### EXERCISE MATERIALS
=== Begin Enclosure ===

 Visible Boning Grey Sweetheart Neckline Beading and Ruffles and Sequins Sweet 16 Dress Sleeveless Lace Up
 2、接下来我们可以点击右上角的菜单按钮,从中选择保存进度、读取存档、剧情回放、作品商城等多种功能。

=== End Enclosure ===
=== Begin Enclosure ===

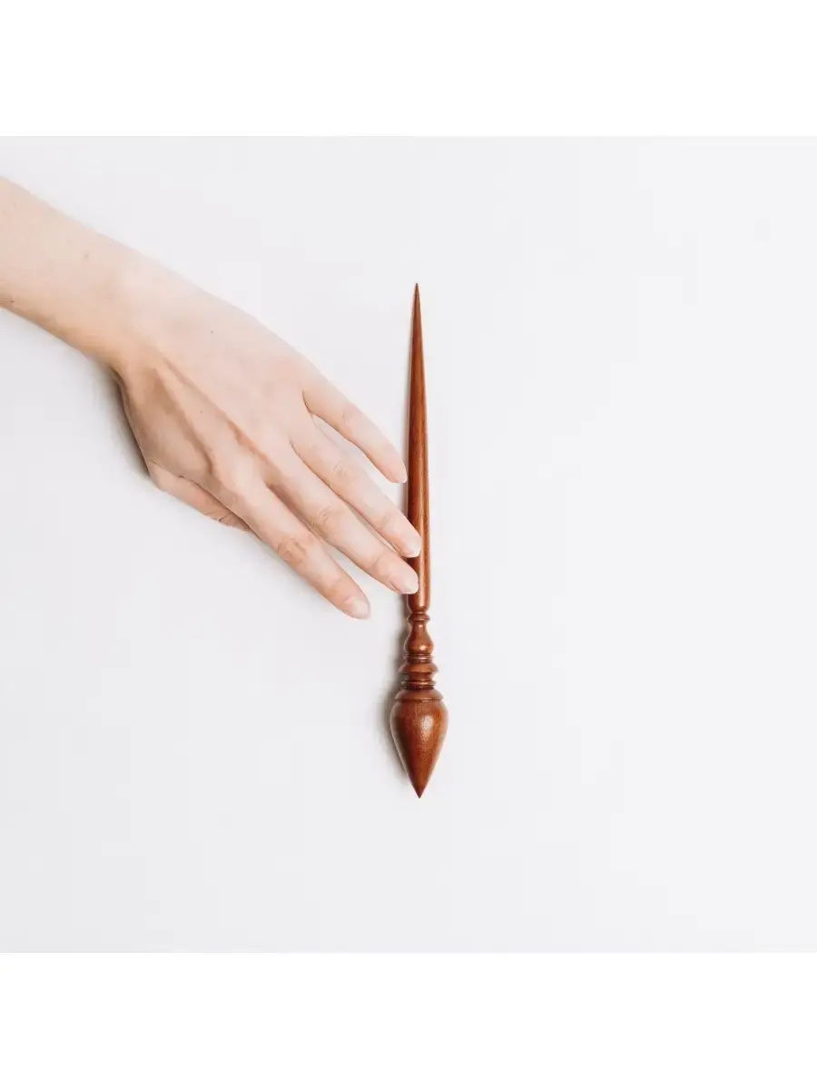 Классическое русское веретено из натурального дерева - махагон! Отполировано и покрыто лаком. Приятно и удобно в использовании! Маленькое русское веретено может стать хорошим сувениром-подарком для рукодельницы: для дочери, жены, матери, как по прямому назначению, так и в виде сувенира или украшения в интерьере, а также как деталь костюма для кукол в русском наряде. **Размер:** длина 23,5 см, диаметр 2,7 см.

=== End Enclosure ===

### YOUR ASSIGNMENT
In the data above, find the line that contains "Visible Boning Grey" and the line that contains "2、接下来我们可以点击右上角". Repeat exactly those lines and every line between them, and only those.

### SOLUTION TO THE PROBLEM
 Visible Boning Grey Sweetheart Neckline Beading and Ruffles and Sequins Sweet 16 Dress Sleeveless Lace Up
 2、接下来我们可以点击右上角的菜单按钮,从中选择保存进度、读取存档、剧情回放、作品商城等多种功能。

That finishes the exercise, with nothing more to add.